Is this surprising? Not really, I think. We don’t know that much about the brain or the mind. It strikes me that a lot of research consists of looking for interesting phenomena rather than testing coherent hypotheses. When you know nothing, it’s not clear what to count or how to count it. The problem is that the powerful methods of statistics encourages us to think that we know something when in fact we don’t. John Maynard Smith, I think, said that statistics is a tool that allows one to do 20 experiments and get one published in Nature (think p>.05). Fraud is not the problem, and I suspect that it never has been. The problems lie in the accepted methods, which, unless used very carefully and intelligently, can muddy the empirical waters substantially. What recent events indicate (at least to me) is that if you are interested in good data, then it’s the accepted methods that need careful scrutiny. Indeed, if replicability is what we want (and isn’t that the gold standard for data?), maybe we should all imitate Hauser for he seems to know how to get results that others can get as well.
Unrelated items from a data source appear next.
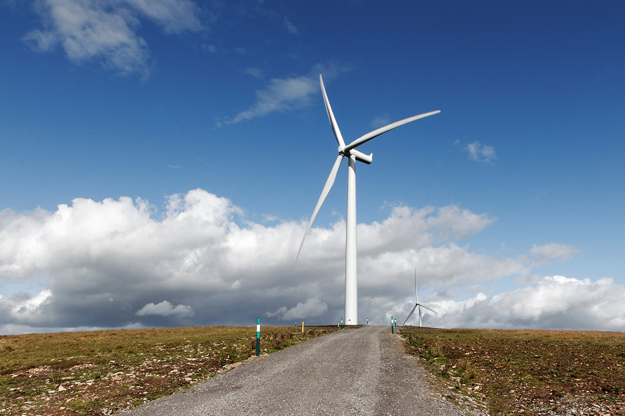 A device that converts the kinetic energy of the wind into rotational motion by means of drag or lift acting on the turbine blades. The rotating turbine then drives a generator through a gearbox that produces electricity. Horizontal axis turbines are the most commonly used and operate on the principle of lift. There are also less efficient drag turbines, where the wind simply pushes against the blades. Vertical axis turbines are less commonly used, but have the advantage of not having to turn in the direction of the wind and their gearbox and generator are located on the ground.
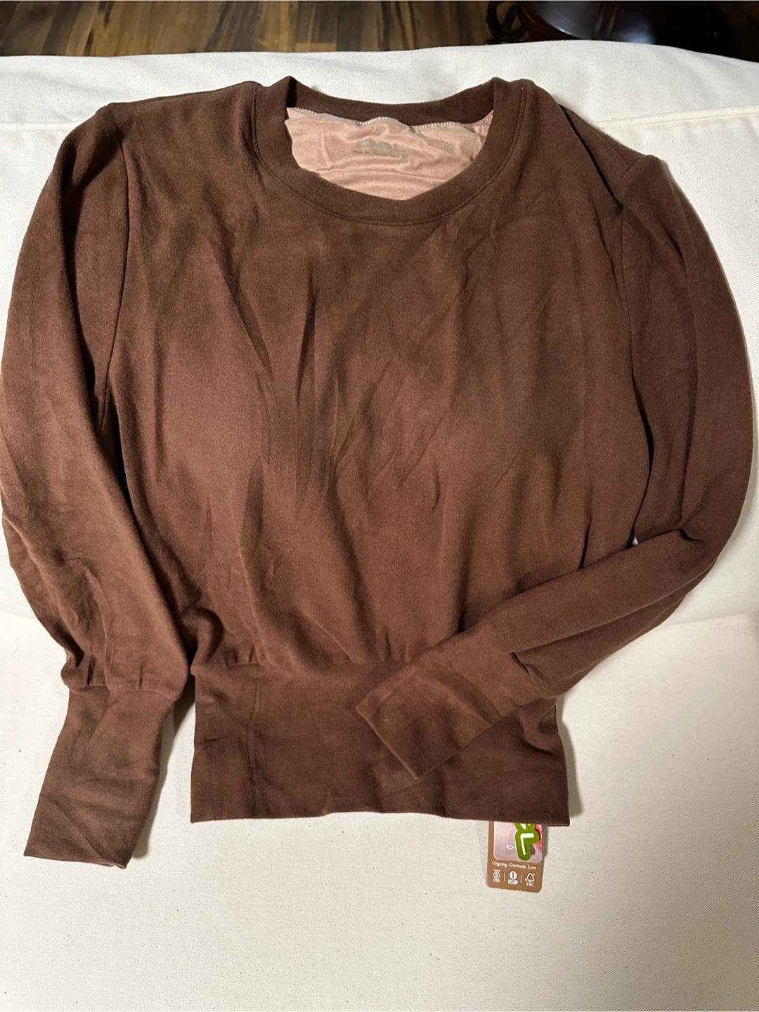 Cozy OGL EcoMousse crewneck sweater in a beautiful mocha colour! A soft brushed fabric with brami and a banded hem. It's made with a blend of viscose, acrylic, and cotton for a soft and comfortable feel. Originally bought for $79. Fits more like Size S around the hip for this particular colour.
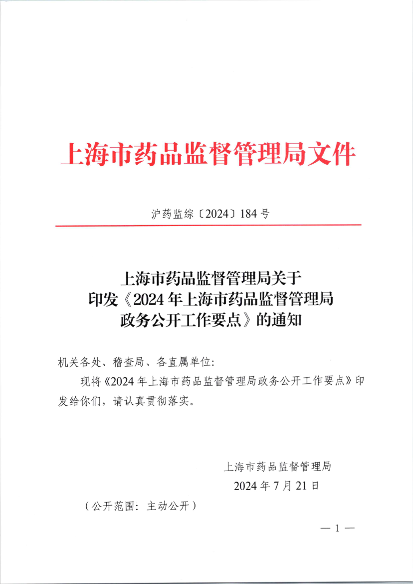 2024年是实施“十四五”规划的攻坚之年。上海市药品监管局认真落实党中央、国务院和市委、市政府关于做好新时代政务公开工作的决策部署,根据上海市政务公开工作要求,围绕公开促落实、优服务、强监管,以更高质量政务公开服务生物医药产业高质量发展和高水平安全。
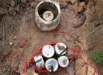 चाईबासा (झारखंड). झारखंड के चाईबासा जिले में टेबो के हलमद जंगल में नक्सलियों द्वारा छिपाकर रखी गयी कुल चौदह किलोग्राम वजन की आधा दर्जन आइईडी सुरक्षा बलों ने बुधवार को बरामद कर नष्ट कर दी। पुलिस सूत्रों ने आज यहां बताया कि बुधवार को चाईबासा पुलिस को विशेष सूचना प्राप्त हुई कि टेबा थानान्तर्गत हलमद एवं रोग्तो के जंगलों में इम्प्रोवाइज्ड एक्सप्लोसिव डिवाइस (आईईडी) छिपाकर रखी गयी है। इस सूचना के आधार पर चाईबासा के पुलिस अधीक्षक के निर्देशन में जिला पुलिस, केंद्रीय रिजर्व पुलिस बल (सीआरपीएफ) की 60वीं वाहिनी एवं बम निरोधक दस्ते ने संयुक्त रूप से विशेष खोजी अभियान चलाया, जिसमें जंगल में छिपाकर रखी गयी कुल छह आईईडी, एक टिफिन बम एवं नौ बण्डल कोर्टेक्स केबल बरामद किये गये। उन्होंने बताया कि बरामद आईईडी को बम निरोधक दस्ते द्वारा मानक परिचालन प्रक्रिया (एसओपी) का पालन करते हुए घटनास्थल पर ही नष्ट कर दिया गया। पुलिस ने बताया कि इस संदर्भ में विस्फोटक अधिनियम की सुसंगत धाराओं के अन्तर्गत प्राथमिकी दर्ज कर आगे की कार्रवाई की जा रही है।
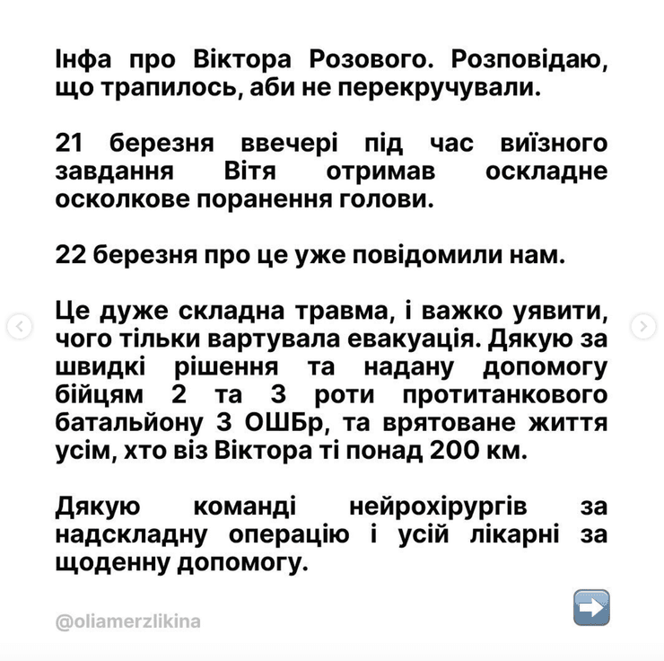 Она отметила, что семья узнала о ранении на следующий день 22 марта. Розовый получил очень сложную травму, однако его эвакуировали из зоны боевых действий.
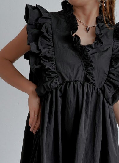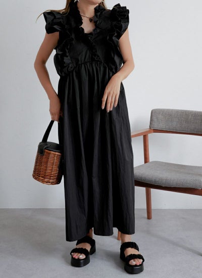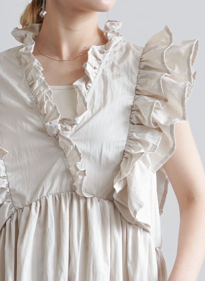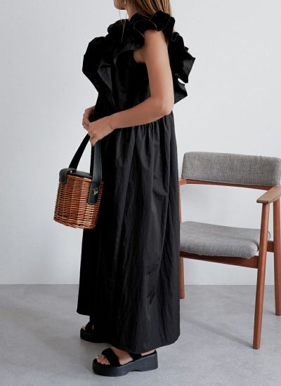 タフタの素材感が魅力のフリルノースリーブワンピース。
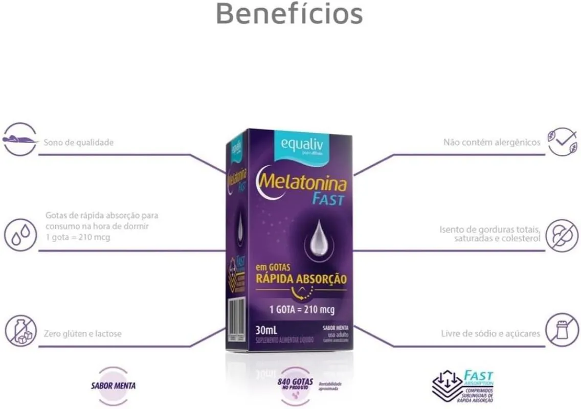 - Equaliv Melatonina Fast é um suplemento alimentar em gotas desenvolvido para auxiliar na regulação do sono.

I will end on a positive note: we linguists are pretty lucky. Our data is easily accessed and very reliable (as Sprouse and Almeida have made abundantly clear). We are also lucky in that we have managed to construct non-trivial theories with reasonable empirical reach. This acts to focus research and, just as importantly, makes it possible to identify “funny looking” data so that it can be subjected to careful test. Theories guard against gullibility. So, despite the fact that we don’t in general gather our data as “carefully” as neuroscientists and psychologists and economists gather theirs, we don’t need to. It’s harder to “cheat,” statistically or otherwise, because we have some decent theory and because the data is ubiquitous, easy to access and surprisingly robust. This need not always be so. In the future, we may need to devise fancy experiments to get data relevant to our theories. But to date, informal methods have proven sufficient. Strange that some see this as a problem, given the myriad ways there are to obscure the facts when one is being ultra careful.